Context

“Recent work on neural network pruning indicates that, at training time, neural networks need to be significantly larger in size than is necessary to represent the eventual functions that they learn.”

The hypothesis

“[…] successful training depends on lucky random initialization of a smaller subcomponent of the network. Larger networks have more of these “lottery tickets,” meaning they are more likely to luck out with a subcomponent initialized in a configuration amenable to successful optimization.”

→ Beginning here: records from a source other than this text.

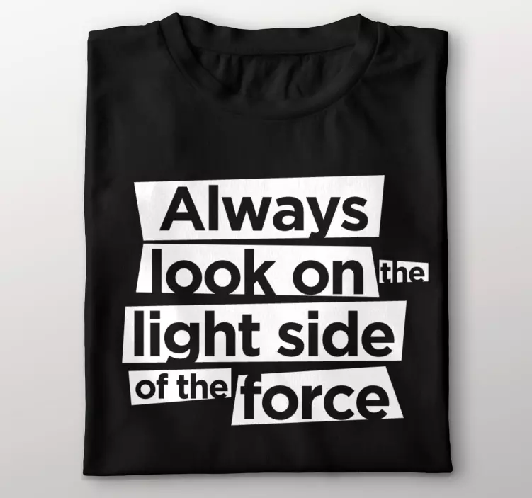 Introducing our Always look on the bright side t-shirt, a unique blend of motivation and humor! This design features a striking monocolor scheme with bold, eye-catching text that delivers a powerful quote. Crafted in classic black and white, this t-shirt not only makes a statement but also adds a touch of fun to your wardrobe. The combination of forceful words and the motivational message is perfect for anyone looking to spread positivity and laughter!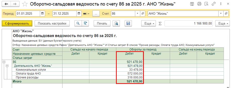 Оборотно-сальдовая ведомость по Дебету 86 счета: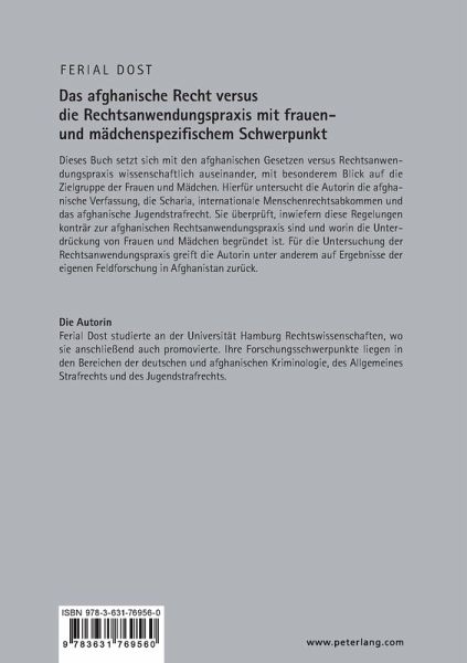 Dieses Buch setzt sich mit den afghanischen Gesetzen versus Rechtsanwendungspraxis wissenschaftlich auseinander, mit besonderem Blick auf die Zielgruppe der Frauen und Mädchen. Hierfür untersucht die Autorin die afghanische Verfassung, die Scharia, internationale Menschenrechtsabkommen und das afghanische Jugendstrafrecht. Sie überprüft, inwiefern diese Regelungen konträr zur afghanischen Rechtsanwendungspraxis sind und worin die Unterdrückung von Frauen und Mädchen begründet ist. Für die Untersuchung der Rechtsanwendungspraxis greift die Autorin unter anderem auf Ergebnisse der eigenen Feldforschung in Afghanistan zurück.

The hypothesis is empirically supported as follows:

  1. Train neural net; save intial state of weights
  2. Prune weights as much as possible without significantly reducing the accuracy (pruning criterion: prune low-magnitude weights); small network is obtained (around 90% reduction in size)
  3. Reinitialize the pruned network and train it to convergence; note the accuracy and convergence time
  4. Reinitialize the pruned network using the initial weights from step 1, and train it to convergence; note the accuracy and convergence time
  5. Compare aggregated results of step 4 and 5; the higher accuracy and/or convergence time of step 4 compared to step 3 supports the hypothesis.

Pics or it didn’t happen

Caveats

  • No experiments on large networks (the kind of network that needs to be pruned); although the author says on reddit that he’s hard at work producing those results
  • No practical takeaway (authors suggest that better initialization schemes could be discovered)